Arabic LLMs with stronger field-specific thinking can speed up making content and helping learners. Among the top uses:

✍️ Teachers use AI to make practice STEM questions automatically, matching local school programs.
📓 AI tutors put into two-language learning apps. This is very helpful in online learning between countries.
🎥 Tools for making video content. These use natural-sounding Arabic voiceovers and science summaries made by AI.

Arabic LLMs trained and measured by benchmarks like 3LM could become key co-creators. They could be used widely across thousands of classrooms or teaching websites.

Problems Still Facing Arabic Technical Models

Arabic LLMs are making progress. But they still have several ongoing problems:

Not enough dialects represented: Most models stick to Modern Standard Arabic. This puts learners using Levantine, Gulf, or Egyptian Arabic at a disadvantage.
Lack of data: Not enough open-source datasets in Arabic tech areas stops code-making training.
Slow thinking process: Longer word parts in Arabic mean tasks need more computing. This makes performance worse.
Cultural differences in source content: Imported datasets may miss terms that matter to the region and school-level grammar.

To fix these problems, many people will need to help. Especially researchers in Arabic-speaking universities.

Call for Open Collaboration

3LM is not a private project. Instead, it asks for help from the Arabic-speaking and AI development world:

💡 Send in new multiple-choice questions in Arabic STEM areas.
🔄 Help check or make better translated coding prompts.
📢 Work together on new testing systems, especially for newer LLM systems like Llama 3 or Mistral.

This could create another set of Arabic NLP benchmarks, like MMLU or BIG-Bench. But these would focus on skills that matter to the region.

What Comes Next: From Benchmark to Big Advances

Besides testing, what comes next for Arabic LLMs in STEM means:

🧠 Retrieval-Augmented Generation (RAG) models that get real science papers to make Arabic answers better.
🧪 Ways to strengthen school programs. These use few-shot prompting with Arabic examples.
🧬 Open work hubs like Hugging Face Spaces. But these would only focus on Arabic and two-language technical content.
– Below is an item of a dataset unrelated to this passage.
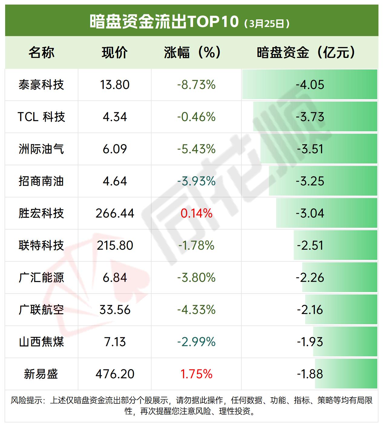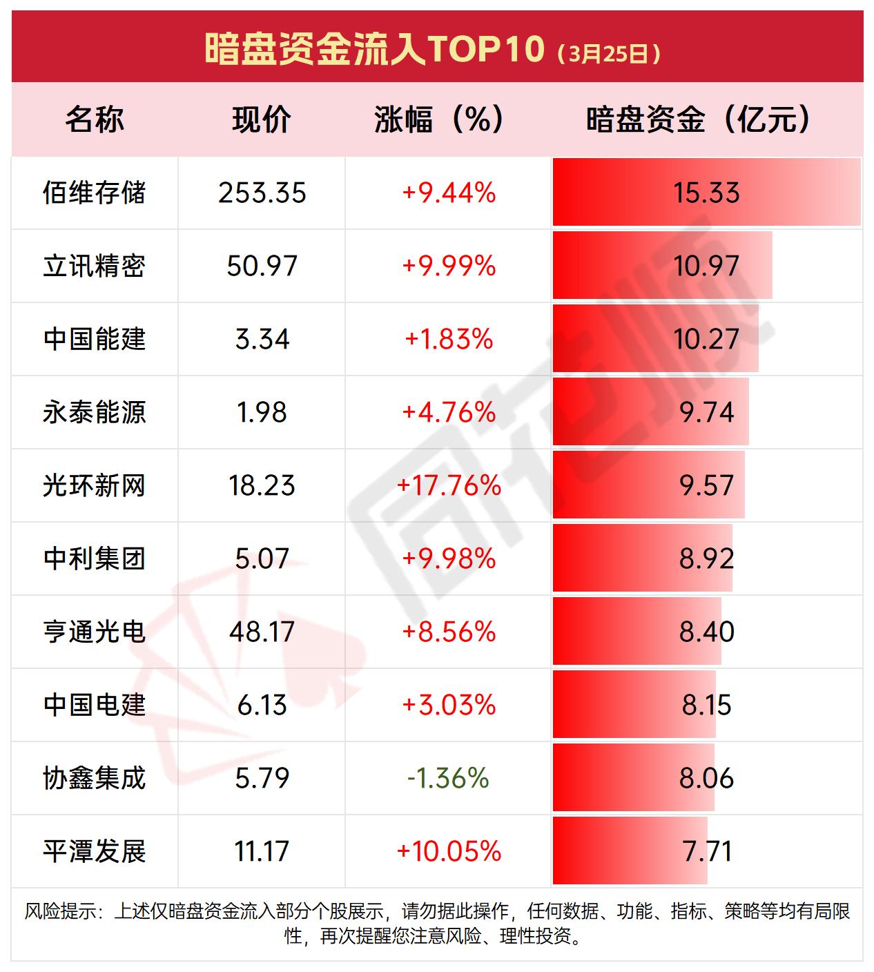 3月25日沪深市场暗盘资金流向解析📊 3月25日沪深市场暗盘资金净流入1751.53亿元,较昨日增加182.03亿元,市场情绪偏积极。暗盘流入个股达4473家,较昨日增加18家,流出个股535家,较昨日减少16家,资金做多意愿显著增强。 从流入榜看,科技与能源板块表现突出:佰维存储、立讯精密等科技股获大额资金追捧,分别流入15.33亿、10.97亿元;中国能建、永泰能源等能源基建股也位列前十,显示资金对高景气赛道的偏好。 流出榜方面,泰豪科技、TCL科技等个股资金净流出居前,部分个股股价同步下跌,资金避险情绪集中在部分高位或基本面偏弱标的。整体来看,暗盘资金呈现“科技+能源”主线流入、弱势标的出逃的分化格局,需警惕短期波动风险。!!!
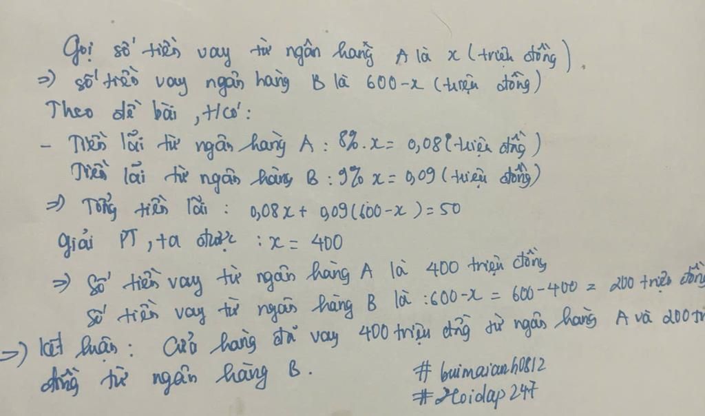Để mở rộng kinh doanh,một cửa hàng đã vay 600 triệu dồng kì hạn 12 tháng từ hai ngân hàng A và B với lãi suất lần lượt là 8% năm và 9% năm.Tổng số tiền lãi một năm phải trả cho cả hai ngân hàng là 50 triệu đồng. Tính số tiền của cửa hàng đã vay từ mỗi ngân hàng

Picture an Arabic engineer asking a local chatbot to explain a machine learning equation. They get the same good help as an English-speaking engineer. That is the goal.

Ready to Try 3LM?

You can check out and use the 3LM benchmark through its open-source home at Hugging Face. Researchers and developers can:

🔍 Get test data from GitHub or Hugging Face Datasets.
🚀 Use their own LLMs to test against 3LM leaderboards.
🛠️ Change prompts or scoring systems for their own tests.
🧠 Help grow the dataset or add support for dialects.

We are moving towards AI that works in many languages. Tools like 3LM do not just show differences. They help us fix them.
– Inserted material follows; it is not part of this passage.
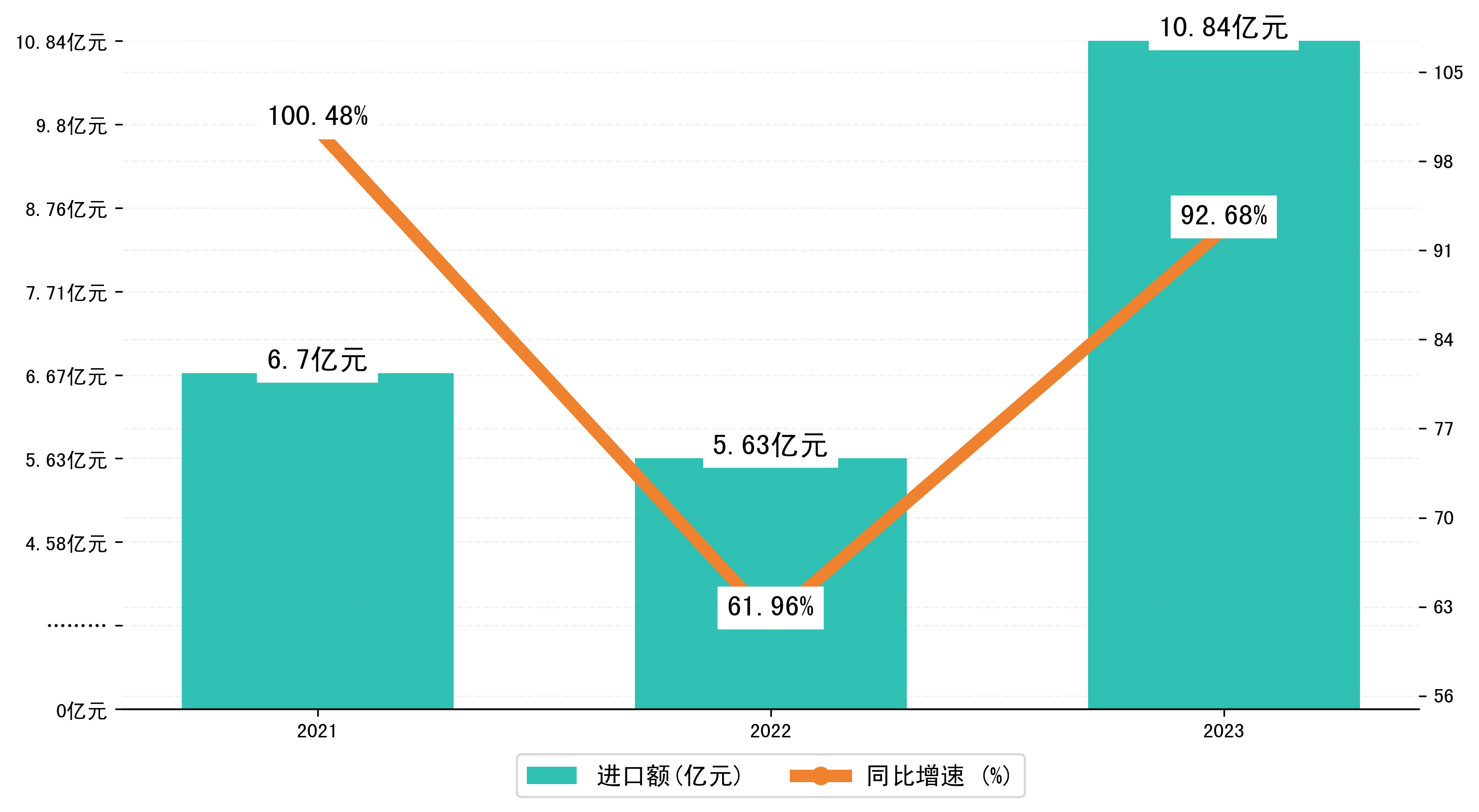 以人民币计,2023年1-10月六安市进口额为10,8432.4242万元,相比上年同期增加了5,2156.2312万元,同比增加了92.80%。

Last Points: Are Arabic LLMs Really Ready?

Arabic LLMs are getting better. But the path ahead is still hard. The 3LM benchmark brings needed clarity, repeat tests, and ways to compare for technical LLM tasks in Arabic. It fills a problem that was open for too long. From STEM homework help to automatic tutoring, the gap between what is done now and what can be done is getting smaller.

If you make bots, automate things, or handle Arabic STEM content, use 3LM now. Do not just measure, but grow.

Citations

Technology Innovation Institute. (2024). 3LM: A Benchmark for Arabic LLMs in STEM and Code. Retrieved from Hugging Face Blog.

Falcon 40B-Instruct: 22.26% accuracy on STEM multiple-choice.
Falcon models: 14.23% on HumanEval-Ar for Arabic code generation.
XGLM-7.5B: 15.33% on STEM multiple-choice. Multilingual models do not do as well compared to Arabic-trained ones.